Well, my friend Patrick, who is a violist, order Mozart's Sinfonia Concertante for both of us to play. My other friend, Brian, who plays cello, ordered the Brahm's Double Concerto for me and him to play. So, I am going to have a good few weeks, or months, learning these concertos, and rehersing them with my friends.

If everything turns out all right, I might be able to play one of the pieces for the Spring Concert at my high school.

That would be a lot of fun. And since I am only going to be a junior this year, it would get me ready for next year, when I get to play my senior solo.

I still have no idea what I want to play for my senior solo. I have a good while to decide. I don't want to pick something with a difficult orchestra part, because I know most of the people in my school orchestra are too lazy to practice and don't take music seriously.

Something that is really cool is that patrick and Brian got together and played Beethoven's Eyeglasses duet, or something like that for viola and cello.

But, getting back to my violin playing. have lessons today, later on. I will be playing Bruch Concerto No. 1 with my teacher accompanying me, the entire thing.

And I have one last concerto to learn before i have to move on to another teacher. I'll miss Elana. She's taught me so much over the past two years. I remember where i was when i first started. i had bad bow control, poor intonation, a terrible bow hand, and weak vibrato. And I remember a year ago (when I was 15), how happy I was that I could play Vivaldi's Four Seasons, because those four concertos used to be my favorite to listen to, even when I first began playing violin when I was 11. I first started taking violin lessons the summer before I started high school, so I was 14 at the time. I'm 16 now and I can play Bruch, Lalo, and Mozart (plus a little Paganini). So, I have made a lot of improvement.

And one last concerto. I want to play something big: a popular concerto, maybe something by Tchaikovsky, Brahms, Beethoven, Sibelius, Saint-Saens, but those are all over my head, haha.

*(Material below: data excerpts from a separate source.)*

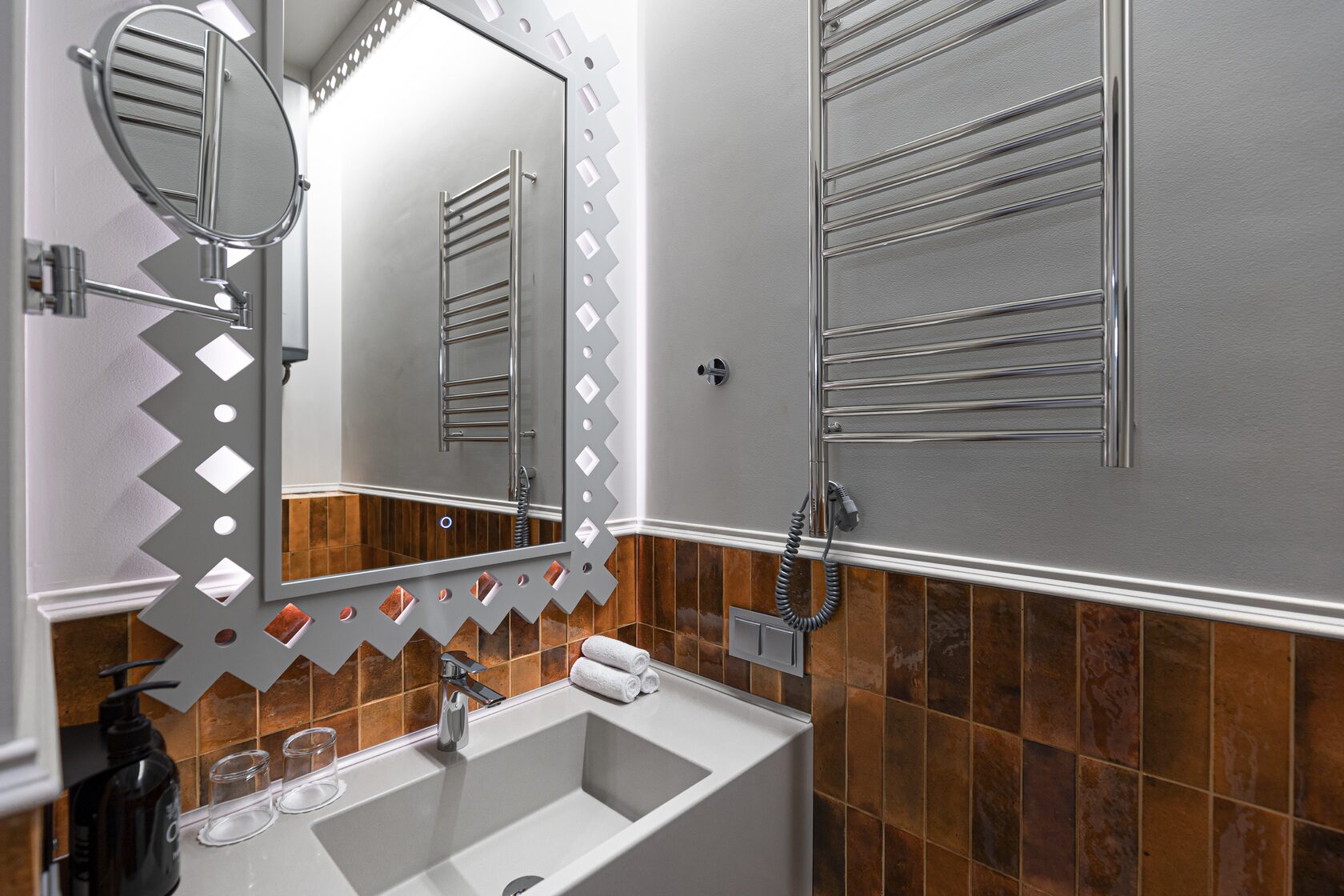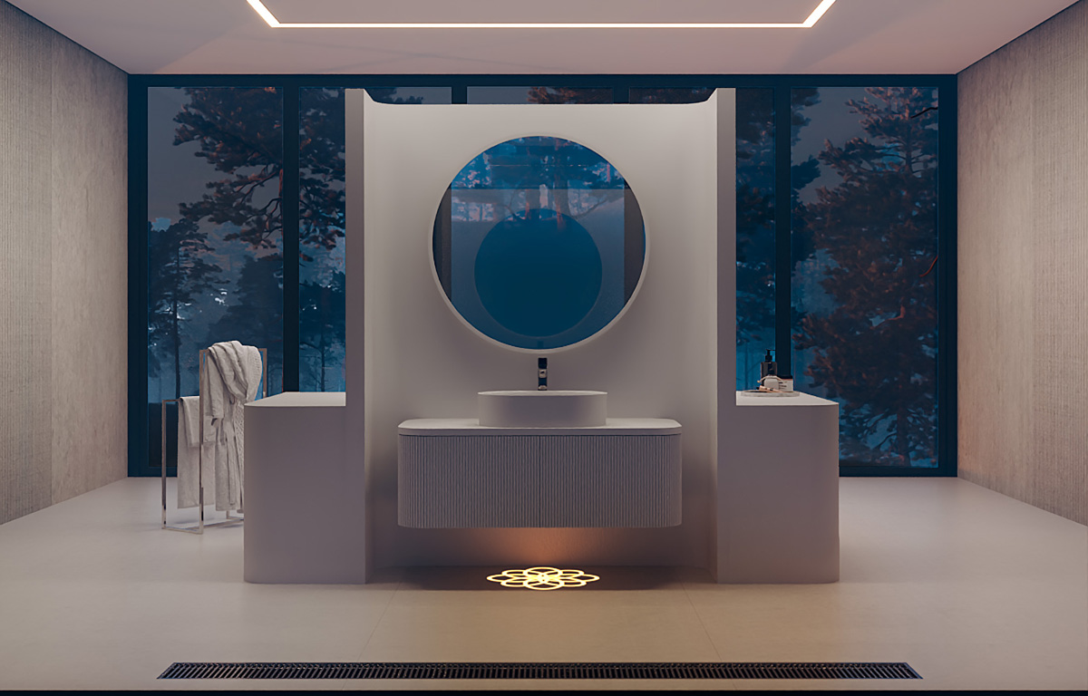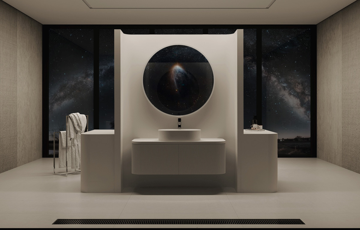 Благодаря своей форме и заложенной концепции, система органично вписывается в любые интерьеры — от более классических до ультрасовременных и футуристичных. Плавные линии и круг зеркала с подсветкой создают футуристические очертания, вызывая ассоциации с космическими объектами: восходом солнца на Марсе, мягким сиянием далеких планет или орбитальным светом, обнимающим поверхность. Такая форма делает конструкцию универсальной и выразительной, превращая её в эмоциональный и художественный акцент любого пространства. В лимитированных версиях системы хранится «тайна»: в основании одного из элементов скрыто устройство для подсветки-проекции, которая в ночь Ивана Купала в определённый момент загорается, рождая образ цветущего папоротника — мифа, который веками искали в эту ночь. Этот световой эффект превращает встречу с объектом в символическое событие, усиливает эмоциональное восприятие и создаёт уникальный, магический пользовательский опыт. Эта модульная система — не просто функциональный элемент, а предмет искусства, способный стать эмоциональным центром любого пространства, в любой точке мира.
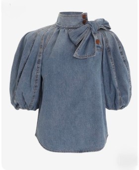 Джинсовая блуза с выразительным характером: объмные рукава, аккуратные декоративные швы и высокий ворот с изящным бантом создают эффектный силуэт Мягкий деним красиво держит форму, а пуговицы на плече добавляют стильный акцент.
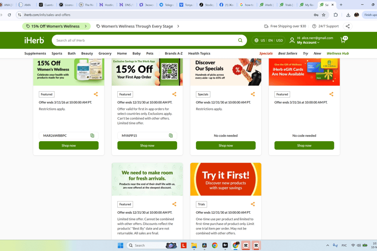 iHerb no siempre aplica los códigos de descuento automáticamente. Revisa los banners de la página principal, copia el código con la mano y pégalo en tu carrito antes de pagar para asegurarte de que se aplique el descuento.
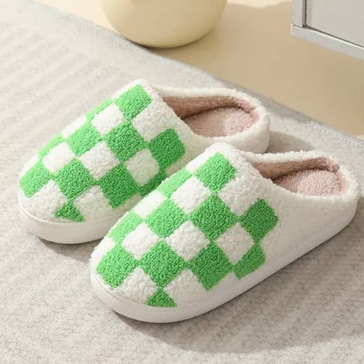 ▸SIZE:Pink,White,Green 6-7-8(for womens size) Grey,Coffee 8-9-10(for men size) ▸Material:100%PVC,100%Polyeste ▸Features: Non-slip, Insulating, Wear-resistant ▸Trendy Design: Checkered pattern ▸Midsole Material: EVA ▸Sole Thickness: 1.5cm (including) - 3.5cm (excluding) ⭐⭐☆☆☆ Basic quality: simple and functional for occasional use. ⏳ Usage Duration: With daily use, the product is expected to last approximately 1–2 months under normal conditions. Types Of Products That Will Be On The Shelves During This Period: Fuzzy slippers, Fluffy slippers, Cozy slippers, Soft indoor slippers, Women’s fuzzy slippers, Men’s fuzzy slippers, Memory foam slippers, Faux fur slippers, Open toe fuzzy slippers, Closed toe fuzzy slippers, Criss cross fuzzy slippers, Slip-on fuzzy slippers, Cute fuzzy slippers, Warm house slippers, Plush slippers, Winter slippers, Bedroom slippers, Furry slippers, Non-slip fuzzy slippers, Aesthetic slippers, Slippers with arch support.
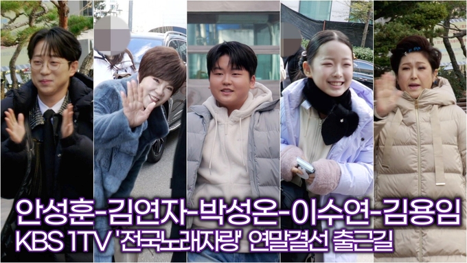 [뉴스인스타 양철수기자] 12월 15일(일) 오후, 서울시 영등포구 여의도 KBS홀에서 진행되는 KBS '전국 노래자랑' 연말결선 녹화를 위해 가수 김연자, 김용임, 안성훈, 박성온, 이수연이 방송국에 도착하고 있다.

Maybe I could convince my teacher to let me learn Saint-Saens, or if not that, I could very easily learn Mendelssohn. The first mvmt of mendelssohn is not that hard at all. I was able to sight-read most of it. There are just a few intonation spots to watch out for.

My teacher is Elana Nolte. She's not a big name soloist or anything. She did study from Peter Haase, who went to Juilliard and studied from Galamian. Mr. Haase went to Juilliard the same time as Isaac Stern, which is funny. Mr. Haase didn't have a good bow at the time, so Stern let Haase borrow one of his! Mr. Haase also studied under Henryk Szeryng for a little while.

Well, it's time for me to go.

From Jude Ziliak
Posted on July 28, 2005 at 9:36 PM
Hmm-- I'd actually say that Mendelssohn is considerably harder than St-Saens, even if easier to sightread. It has to be played very cleanly, and ends up being really awkward. Not that St-Saens is easy, but it's not much harder than Lalo (easier than Lalo finale if you ask me).